Okay, ladies, behave yourselves. There are men on this forum. lol. I’m watching my way through old episodes of NCIS and Cote de Pablo doesn’t have a thing to do with it. Nope. Not one thing. Isn’t Vladimir Putin the one who is into ice bathing?

I’ve been going through Kay’s old books to see what is worth keeping. In a 1980’s book on journalism, I saw a comment that made me think of you and your professor, TTC.

Harold Ross, one time editor of the New Yorker, was very old-school about punctuation. James Thurber didn’t like the way the sentence “The American flag is red, white, and blue” Looked on the page. He said all the commas made it look as though the flag was being rained on. Ross insisted a comma before and after was needed for clarity in some cases and gave this sentence as an example of how meaning could be misconstrued without the comma. “Please give your name, address, age, sex and housing requirements.” I’m not going to start using a comma before “and” as a rule, but Ross made a good point.

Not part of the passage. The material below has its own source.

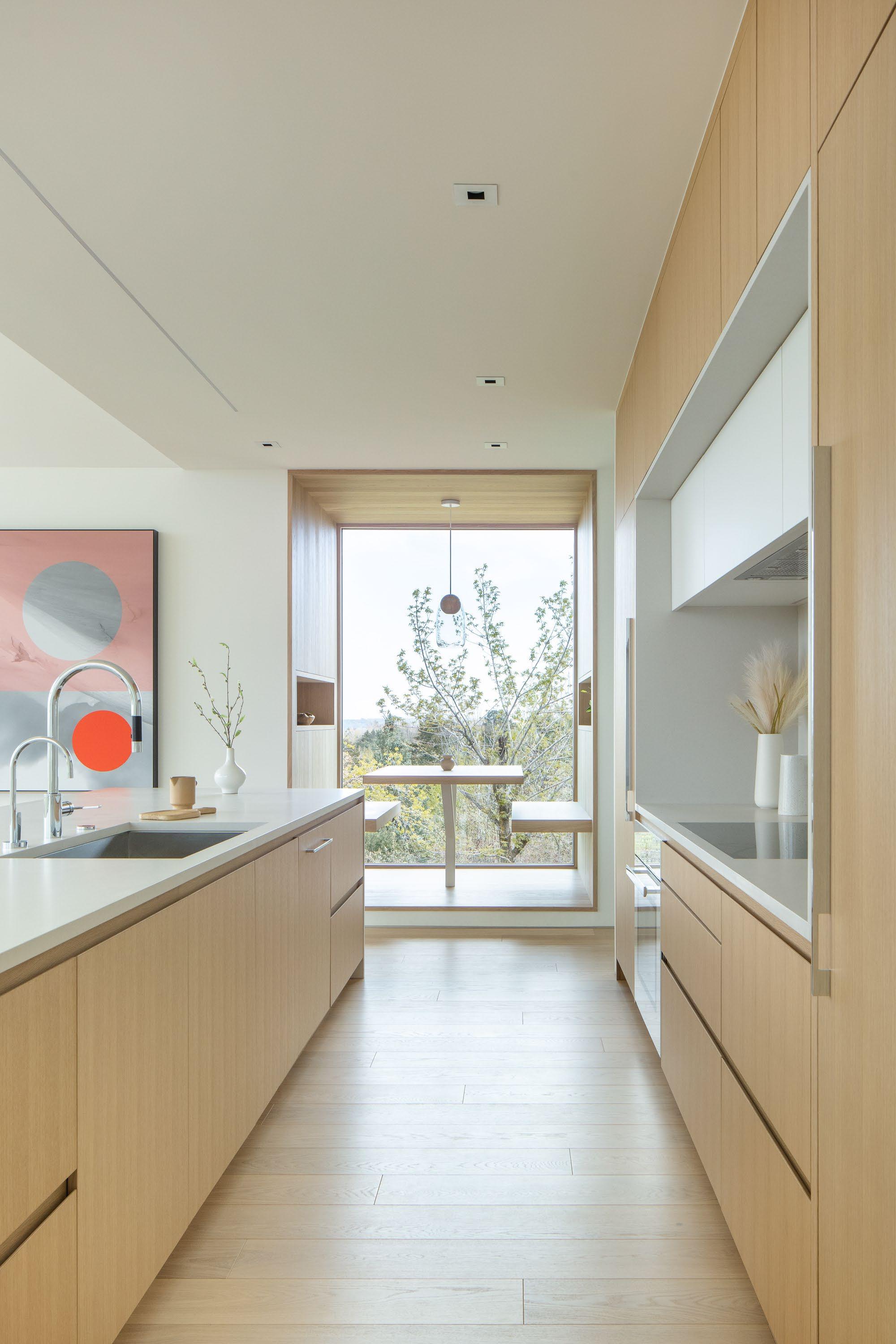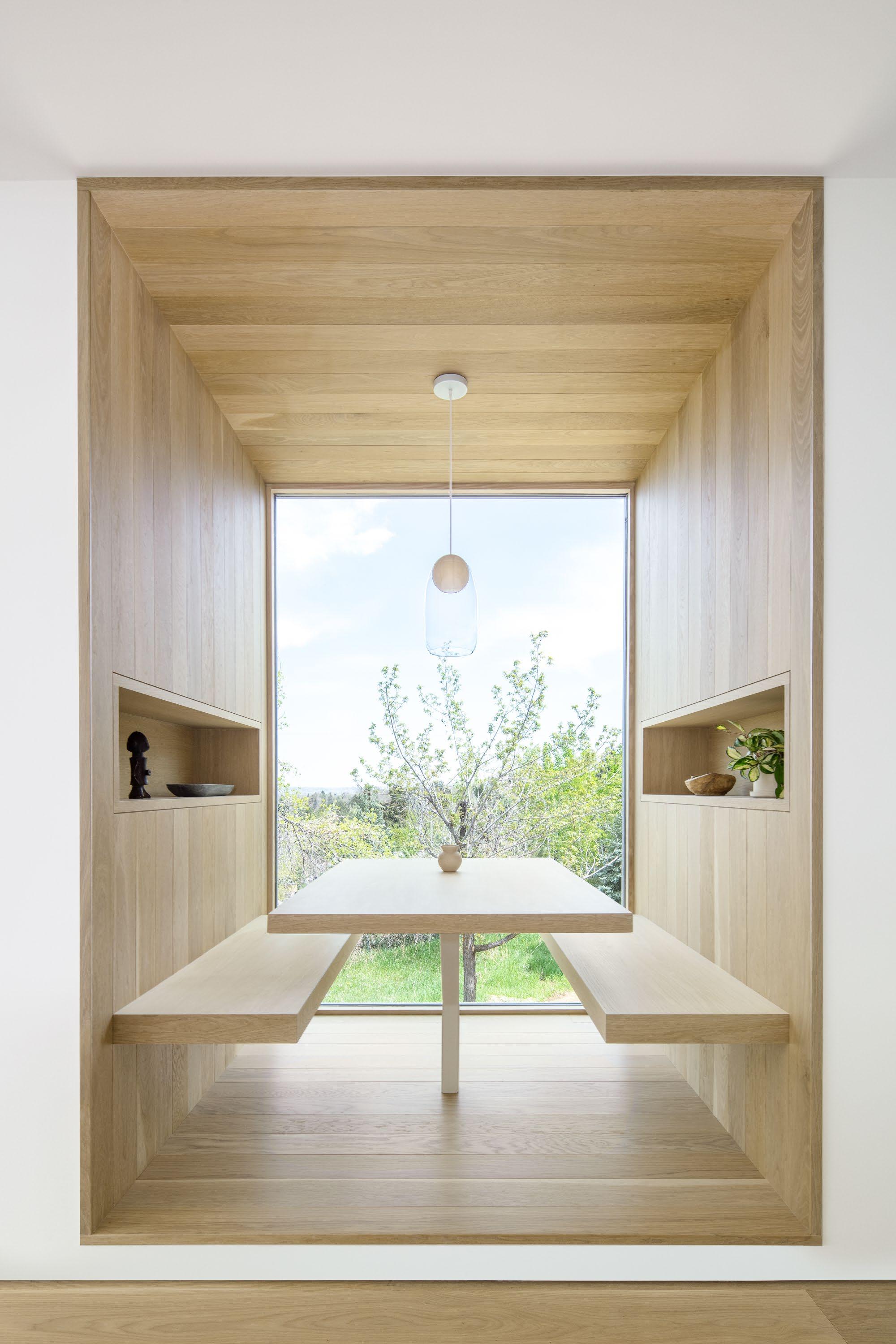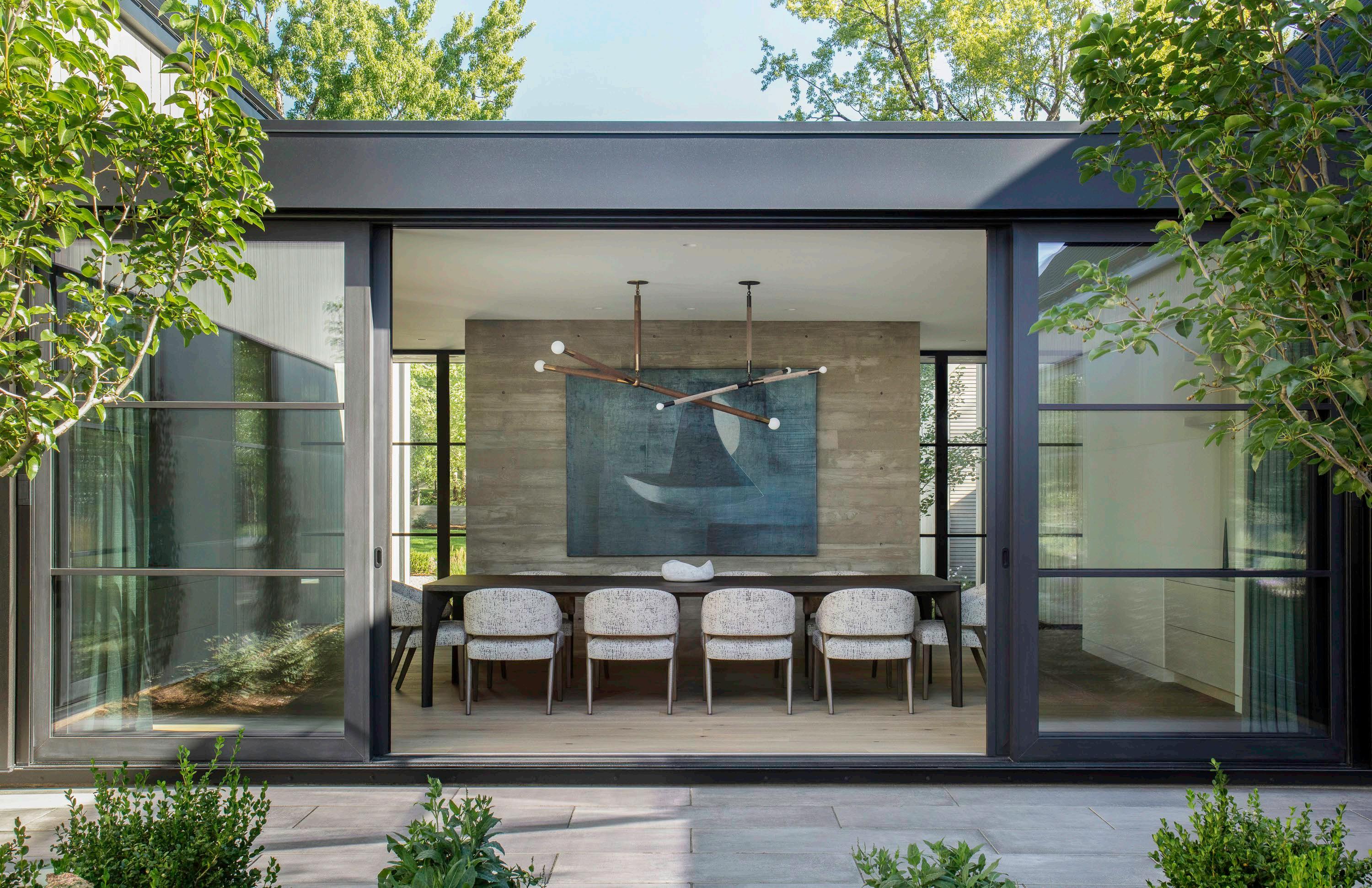 The owner’s passion for Asian art is impeccably integrated with the interior design The deliberative color palette, choices in finishings, textures applied for backdrops (the Shou Sugi Ban wood finish behind the dining room table, for example), down to the style of window frames demonstrates how Studio B keeps a keen eye on everything in view

Reading that book made me realize how far and fast we’ve come in the approximately thirty years since that book was written. There is chapter after chapter on doing research for articles and the computer is barely mentioned.

That’s ironic about the song stuck in your head, TTC. Flower Children are not very popular in San Francisco at the moment. They are scape goats for the water situation or that is how it reads to me.

http://www.city-jo

Duh, can we say over-population and agribusiness that concerned itself with nothing but profit.

The situation in California is what sparked Amargia’s locavore experiment. Most out-of-season fresh food comes from California.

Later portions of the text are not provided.